2.2 Asymptotics of \([z^n]F(z,x)\)

Functions given by (10) are amenable to the perturbation of the saddle point asymptotics. We refer to Section IX.8 of [12]) for a discussion of the perturbation aspects in the bivariate case and to Chapter VIII for a detailed presentation of the saddle point estimation. In our case, we can invoke the general principles developed in Hayman’s work [15] on admissibility. (Essentially, a function is called admissible if it is subject to the saddle point asymptotics; we refer the reader to [12, Section VIII.5] or the original work of Hayman [15] for more details.)

Let \(\Omega \) be a small neighborhood of \(x=1\) (in particular \(Re(x)>0\) for \(x\in \Omega \)).

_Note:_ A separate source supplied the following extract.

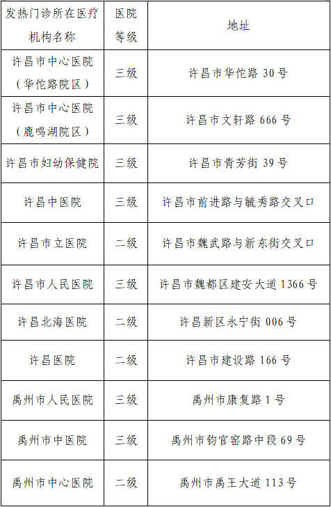 为科学精准防控疫情,进一步加强疫情期间广大居民群众的医疗服务保障,引导发热患者有序就诊,现将我市发热门诊信息予以更新公布如下: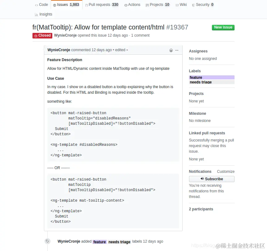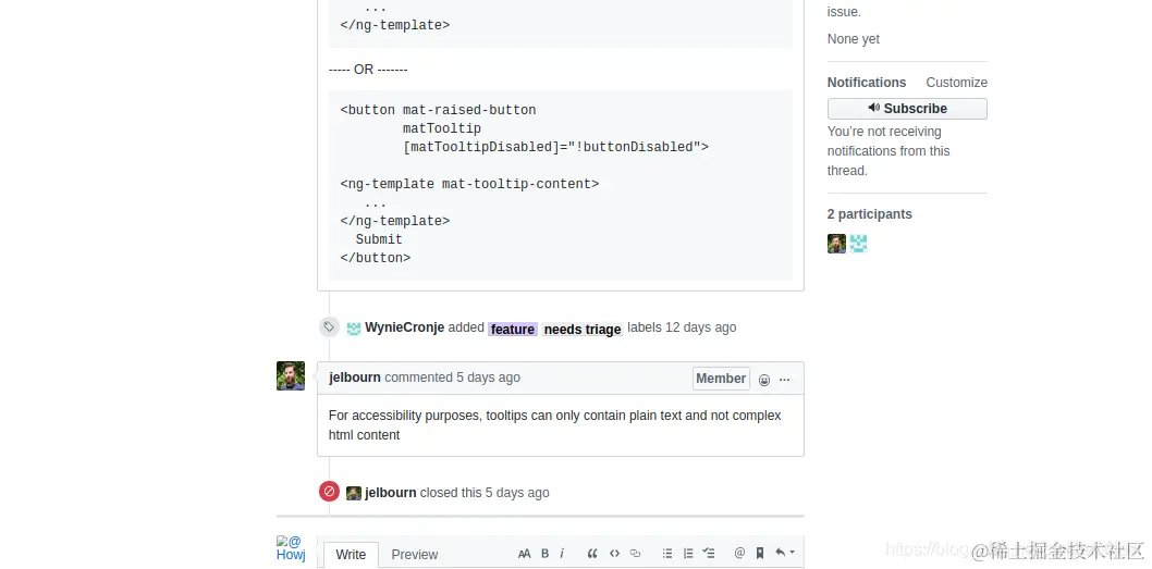 使用Material的组件mat-tooltip时,想要在tooltip里渲染HTML,发现问题在github上被提过.

We fix \(x\in \Omega \) for a moment and write the exponent in (10) as

$$\begin{aligned} f(z,x)=Q_1(z,x)+Q_2(xe^{mz}) \end{aligned}$$
(11)

where

$$\begin{aligned}Q_1(z,x)= -\sum _{j=1}^k\frac{\gamma _jx^j}{jm}-\sum _{j=1}^\ell \frac{c_jx^j}{j^2m^2}+\Big (\gamma _0-\sum _{j=1}^\ell \frac{c_jx^j}{jm}\Big )z+c_0\frac{z^ 2}{2} \end{aligned}$$

and

$$\begin{aligned} Q_2(z)=\sum _{j=1}^k\frac{\gamma _j}{jm}z^{j}+\sum _{j=1}^\ell \frac{c_j}{j^2m^2}z^{j}. \end{aligned}$$

Clearly, the function \(e^{mz}\) is admissible if \(m>0\) (it also follows from [15, Theorem X]). Since the leading coefficient of \(Q_2\) is positive and \(x>0\), \(Q_2(xe^{mz})\) is admissible and so is \(Q_1(z,x)+Q_2(xe^{mz})\) by [15, Corollary to Theorem IX]. Thus, f(zx) is admissible and so is F(zx) by [15, Theorem VI].

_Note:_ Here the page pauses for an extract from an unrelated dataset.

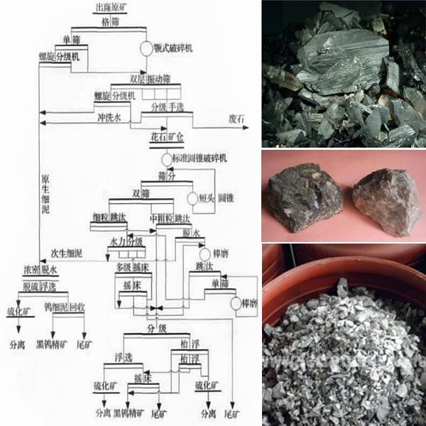 黑鎢礦多為石英大脈型或細(xì)脈型鎢礦床,嵌布粒度較粗,較易選別分離。對于黑鎢礦的選別,主要是以重選為主的聯(lián)合選礦工藝,分粗選、重選、精選和細(xì)泥處理4個(gè)階段。

We will apply Hayman’s result to \(e^{f(z,x)}\). Choose r so that

$$\begin{aligned} (zf_z(z,x))_{z=r}=n. \end{aligned}$$
(12)

Then

$$\begin{aligned}F(z,x)= \frac{r^{-n}}{2\pi }\int _{-\pi }^\pi e^{f(re^{i\theta },x)-in\theta }d\theta \sim \frac{r^{-n}e^{f(r,x)}}{\sqrt{2\pi b(r,x)}}, \end{aligned}$$

where \(b(r,x)=(zf_z(z,x)+z^2f_{zz}(z,x))_{z=r}\) and where \(f_z(z,x)\), \(f_{zz}(z,x)\) (and later \(f_x(z,x)\), \(f_{zx}(z,x)\), etc.) denote the derivative(s) of f with respect to the indicated variable(s) (not just the partial derivative(s) with respect to the first or second argument of f).

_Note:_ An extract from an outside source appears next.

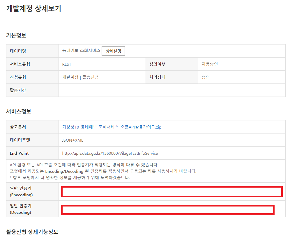 승인 된 '동네예보 조회서비스'를 누르게 되면 개발계정 상세보기가 나오며

By examining the argument above and noting that the dependence on x is polynomial, it is clear that the above estimates are uniform for \(x\in \Omega \). We thus infer that the probability generating functions of random variables encoded by F(zx) are given asymptotically by

$$\begin{aligned} p_n(x)=\frac{F(\rho (x),x)}{F(\rho (1),1)}\left( \frac{\rho (1)}{\rho (x)}\right) ^n(1+o(1)), \end{aligned}$$

where the o(1) error is uniform over \(\Omega \) and \(\rho (x)=\rho _n(x)\) is a positive solution of the saddle point equation (12) for \(x\in \Omega \). In particular, \(\rho (x)\) satisfies

$$\begin{aligned} \rho (x)f_z(z,x)_{z=\rho (x)}=n. \end{aligned}$$
(13)

Taking the logarithms and recalling by (6) that the leading coefficient of \(Q_2(z)\) is \(\alpha _d\) we see that

$$\begin{aligned} \log \rho (x)+\log \left( md\alpha _dx^de^{md\rho (x)}\Big (1+O\Big (\frac{1}{xe^{m\rho (x)}}\Big )\Big )\right) =\log n. \end{aligned}$$

It follows that

$$\begin{aligned} md\rho (x)=\log n-\log \rho (x)-d\log x-\log md\alpha _d+O\Big (\frac{1}{xe^{m\rho (x)}}\Big ). \end{aligned}$$

Successive iterations starting with \(x=1\) give

$$\begin{aligned} \rho (x)=\frac{\log n}{md}+O(\log \log n) \end{aligned}$$
(14)

with the uniform behavior in x over \(\Omega \).

Let us denote

$$\begin{aligned}h_n(x):=f(\rho (x),x)-n\log \rho (x),\end{aligned}$$

so that

$$\begin{aligned}p_n(x)=\exp (h_n(x)-h_n(1))(1+o(1)).\end{aligned}$$

Then, by [12, Theorem IX.13] on generalized quasi–powers, the corresponding random variables are asymptotically normal provided

$$\begin{aligned} \frac{h'''(x)}{(h'_n(1)+h''_n(1))^{3/2}}\rightarrow 0, \end{aligned}$$
(15)

uniformly over \(\Omega \). Moreover, the mean and the variance are asymptotic to \(h'_n(1)\) and to \(h_n'(1)+h_n''(1)\), respectively. Differentiating \(h_n(x)\) we get

$$\begin{aligned}h_n'(x)=\rho '(x)f_z(z,x)_{z=\rho (x)}+f_x(z,x)_{z=\rho (x)}-n\frac{\rho '(x)}{\rho (x)}. \end{aligned}$$

In view of (13)

$$\begin{aligned} \rho '(x)f_z(z,x)_{z=\rho (x)}=\frac{\rho '(x)}{\rho (x)}\rho (x)f_z(z,x)_{z=\rho (x)}=n\frac{\rho '(x)}{\rho (x)}. \end{aligned}$$

Thus, \(h'_n(x)\) simplifies to

$$\begin{aligned} h_n'(x)=f_x(z,x)_{z=\rho (x)}. \end{aligned}$$

Differentiating again yields

$$\begin{aligned} h''_n(x)=\rho '(x)f_{zx}(z,x)_{z=\rho (x)}+f_{xx}(z,x)_{z=\rho (x)}. \end{aligned}$$

Finally, implicit differentiation of (13) gives

$$\begin{aligned} \rho '(x)f_z(z,x)_{z=\rho (x)}+\rho (x)\Big (\rho '(x)f_{zz}(z,x)_{z=\rho (x)}+f_{zx}(z,x)_{z=\rho (x)}\Big )=0. \end{aligned}$$

After rearranging the terms and putting \(z=\rho (x)\)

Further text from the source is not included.